-- DATA EXTRACT follows --

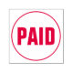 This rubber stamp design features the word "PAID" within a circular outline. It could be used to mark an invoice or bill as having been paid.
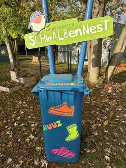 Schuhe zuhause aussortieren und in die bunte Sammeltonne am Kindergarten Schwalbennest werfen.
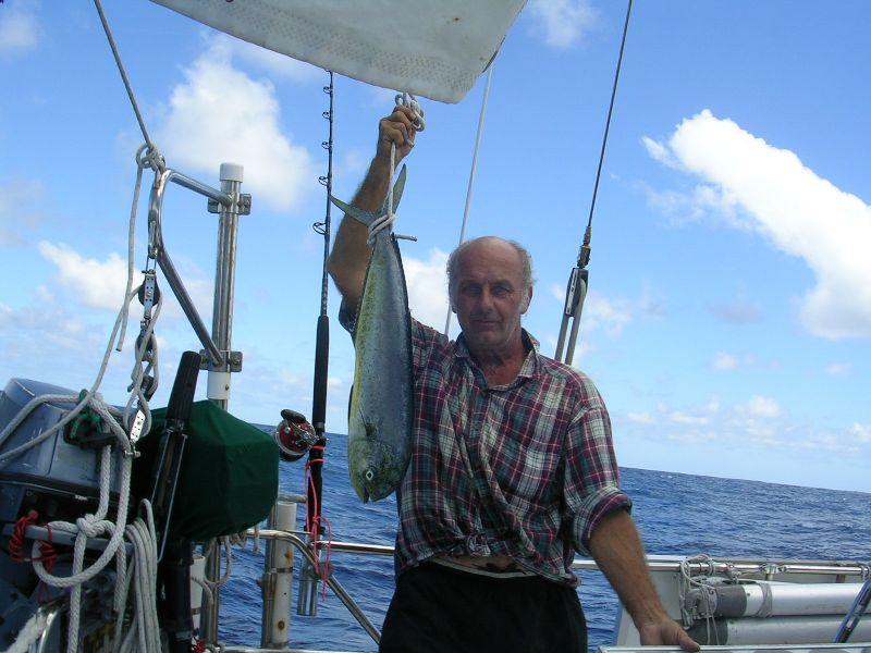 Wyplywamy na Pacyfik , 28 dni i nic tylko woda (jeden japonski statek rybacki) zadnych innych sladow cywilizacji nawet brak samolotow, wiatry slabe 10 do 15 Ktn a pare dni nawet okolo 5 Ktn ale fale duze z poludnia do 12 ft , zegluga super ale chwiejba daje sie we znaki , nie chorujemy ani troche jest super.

-- DATA EXTRACT concluded --

ACTION ITEM. Exactly as written, restate the lines from the one that contains "Schuhe zuhause aussortieren" through the final line of the data, both ends included, but leave out the pictures.

ANSWER SECTION.
 Schuhe zuhause aussortieren und in die bunte Sammeltonne am Kindergarten Schwalbennest werfen.
 Wyplywamy na Pacyfik , 28 dni i nic tylko woda (jeden japonski statek rybacki) zadnych innych sladow cywilizacji nawet brak samolotow, wiatry slabe 10 do 15 Ktn a pare dni nawet okolo 5 Ktn ale fale duze z poludnia do 12 ft , zegluga super ale chwiejba daje sie we znaki , nie chorujemy ani troche jest super.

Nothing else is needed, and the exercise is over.